Australian police magistrate (1826–1905)

Henry Baylis (17 April 1826 – 5 July 1905) was an Australian police officer and the first police magistrate of the Wagga Wagga district in New South Wales. He served in that position for almost forty years and helped with the development and improvement of the settlements in the district. The main road in the city of Wagga Wagga, Baylis Street, is named for him.

==Early life==
Henry Baylis was the second son and third child of Thomas Henry Baylis and Julia Dorothea. His father, Thomas, was a lieutenant in the 17th (Leicestershire) Regiment of Foot, and stationed at Edinburgh castle at the time of Henry's birth on 17 April 1826.

In 1830, the 17th (Leicestershire) Regiment of Foot was to replace the British Army garrisons in the Australian colonies. Thomas travelled with his wife and seven children on the convict transport ship City of Edinburgh, where he was appointed officer of the guards. The ship departed from Cork on 18 March 1832 and arrived in Sydney on 27 June.

Henry Baylis completed his schooling at The King's School, Parramatta, before spending four years in training in the legal office of the Fitzhardinge family in Sydney. In 1849–1850 Baylis worked for a pastoral company in Bathurst, which drove 300 horses 1200 km overland from Wallerawang in New South Wales to Adelaide in South Australia. After gold was discovered in the Mudgee district in 1851, Baylis tried his luck as a gold prospector.

==Police magistrate==
On 9 August 1852, Baylis became clerk of Petty Sessions at Hartley. On 1 January 1858, Baylis was appointed by the Premier Charles Cowper to be police magistrate in the district of Wagga Wagga. Baylis' role as magistrate was to take charge of the district's police force, issue hawking and liquor licences, preside over enquires of suspicious deaths and to lead the bench in the Court of Petty Sessions.

As a government-appointed official, local residents approached him with issues they believed the government should help them with; such as when on 2 December 1858, he wrote to the commissioners of the National Board of Education for help in establishing a National School in Wagga Wagga. On 21 June 1859, Baylis laid the foundation stone of St John's Church of England. On 31 March 1869, Baylis called a public meeting at the urging of local residents, where it was decided to petition the governor to declare Wagga Wagga a municipal borough under the 1867 Municipalities Act. This would enable Wagga Wagga to establish a local government. The main road in Wagga Wagga, has been named Baylis Street, after Henry Baylis.
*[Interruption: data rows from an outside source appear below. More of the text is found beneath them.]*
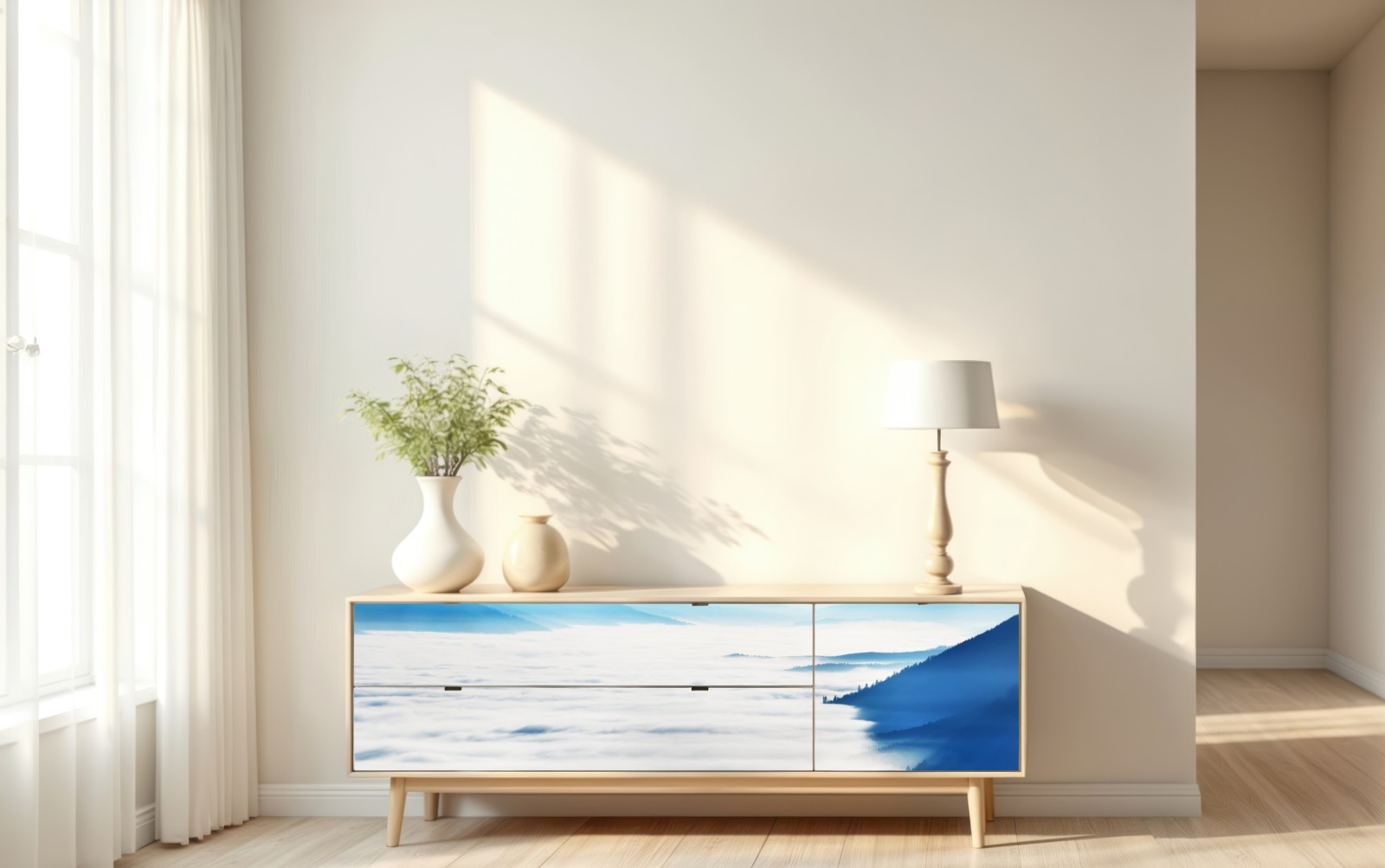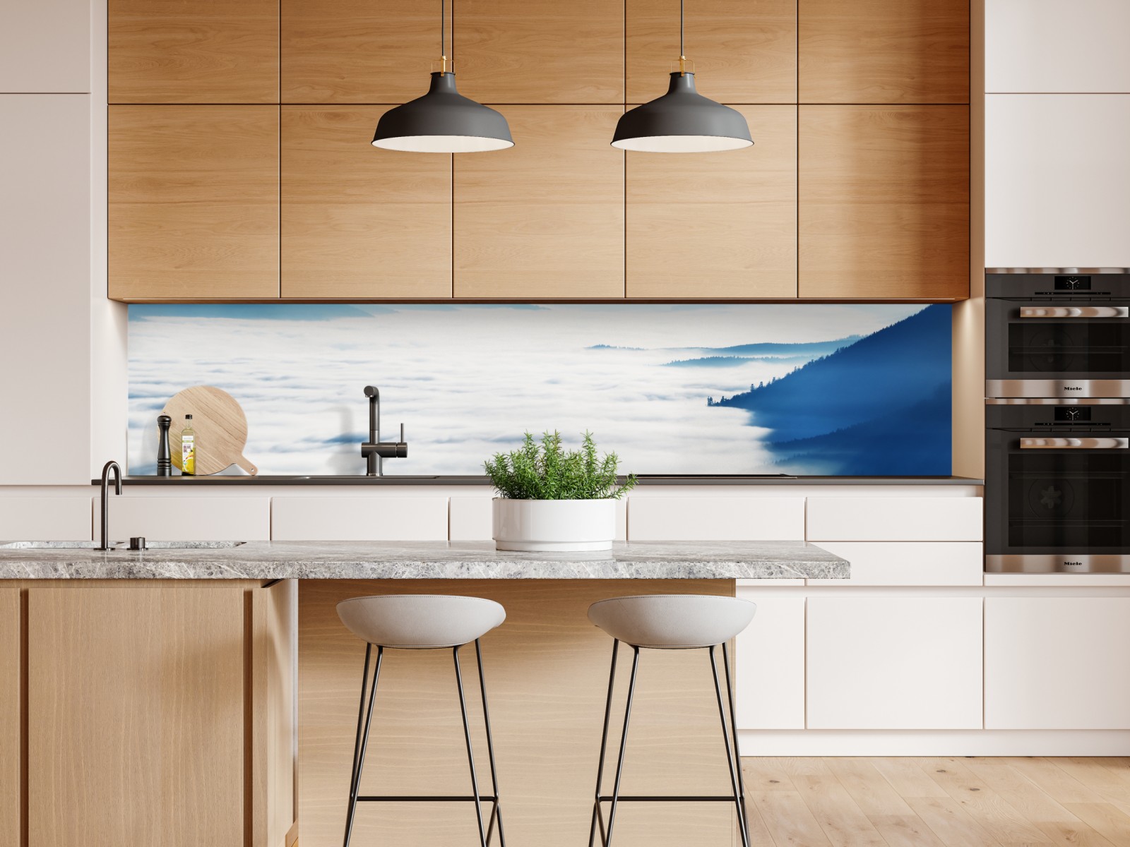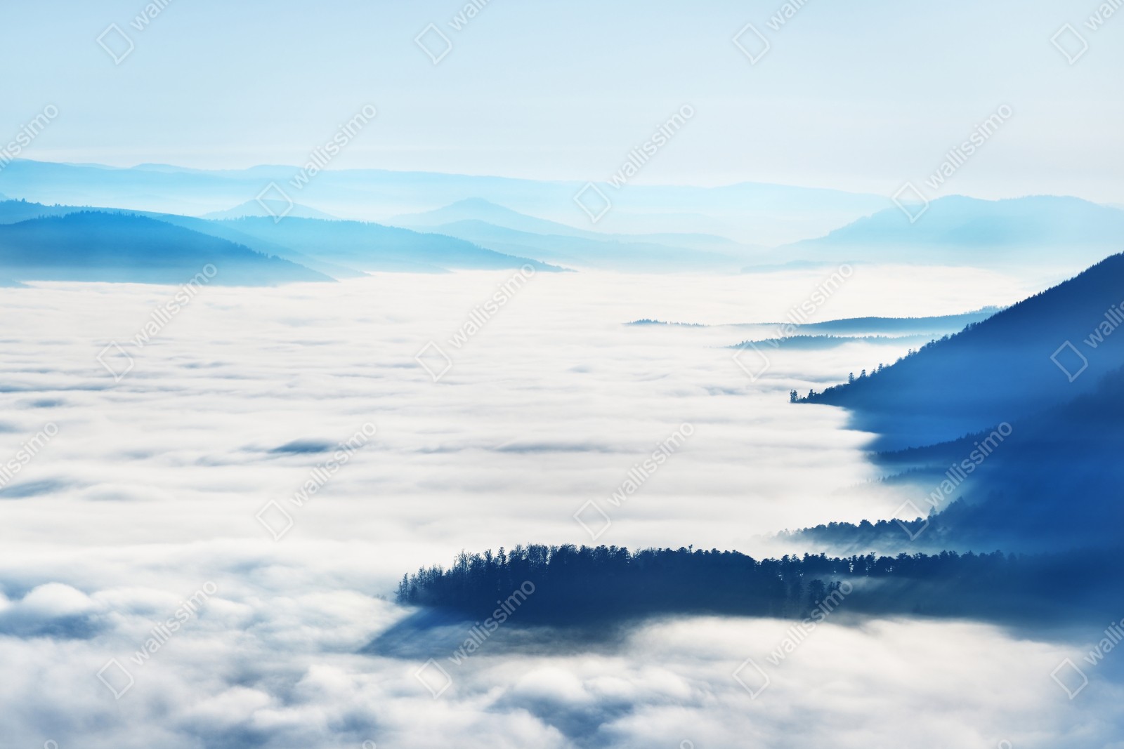 Repositionierbarer Aufkleber Neblige bergpanorama über dem tal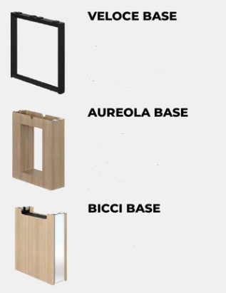 - Stainless steel, Aureola, Veloce, or Bicci base
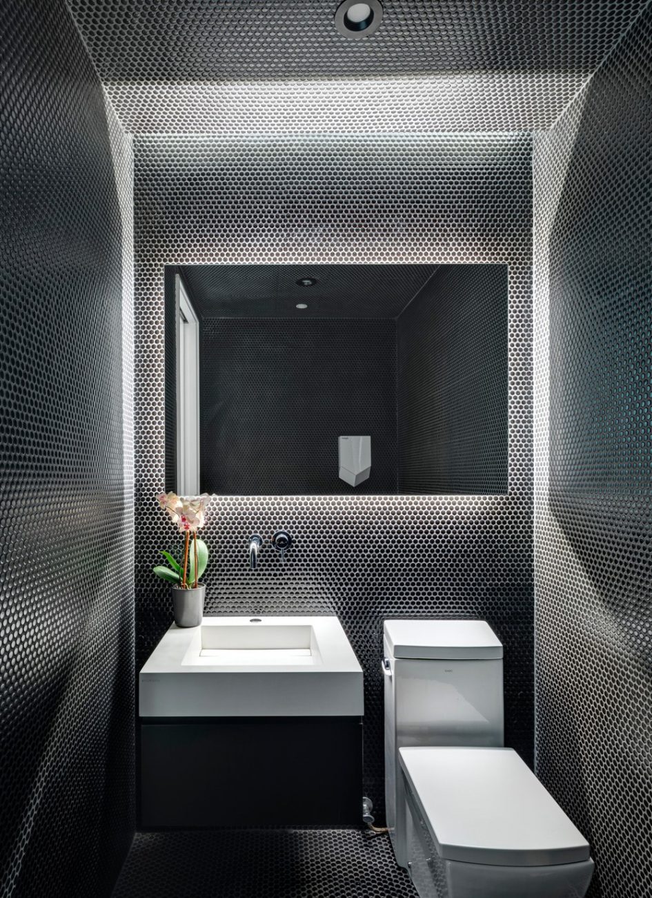 Il bagno al termine della sala è completamente rivestito in piastrelle di penny nero con uno specchio retroilluminato che fornisce illuminazione. Una sala di trattamento dispone di una doccia rivestita in piastrelle bianche e grigie. L'accesso a un soppalco attraverso un ufficio offre un ulteriore spazio di stoccaggio e spazio per i tecnici

===Encounter with Dan Morgan===
As the police magistrate in the area, Baylis made monthly visits to the settlements of Urana and Narrandera to hold court sessions. On 20 August 1863, Baylis was making one such trip to Urana, when he was "stopped about midday by two rascals armed with double guns and revolvers, and ordered to surrender 'his money or his life'", these two men were later identified as bushrangers, Dan Morgan and his associate "Flash Clarke". Baylis responded by galloping away, but after a chase of several miles, the men caught up with him. On discovering the identity of their captive, Morgan returned the money and watch he had taken from him. Morgan and his associate then cut down a telegraph pole, cutting direct communication from Urana to Wagga Wagga. Once Baylis arrived in Urana, he telegraphed Wagga Wagga via Melbourne, and the police set out to join him in Urana before heading off in pursuit of the bushrangers.

On 26 August, Baylis and the police contingent found the bushrangers' campsite and lay in wait for the bushrangers' return. Around midnight the police heard a noise outside, Baylis went to investigate, and fire was immediately exchanged. In the resulting shootout, Baylis and Clarke were both wounded. It is believed that Clarke succumbed to his wound, as Morgan was thereafter seen to be working alone, and the remains of a man following Clarke's description were found some years later. Baylis was struck in the thumb by a bullet, which then glanced along his arm before entering the right breast under his collarbone, passing along his back, before exiting under his left shoulder blade.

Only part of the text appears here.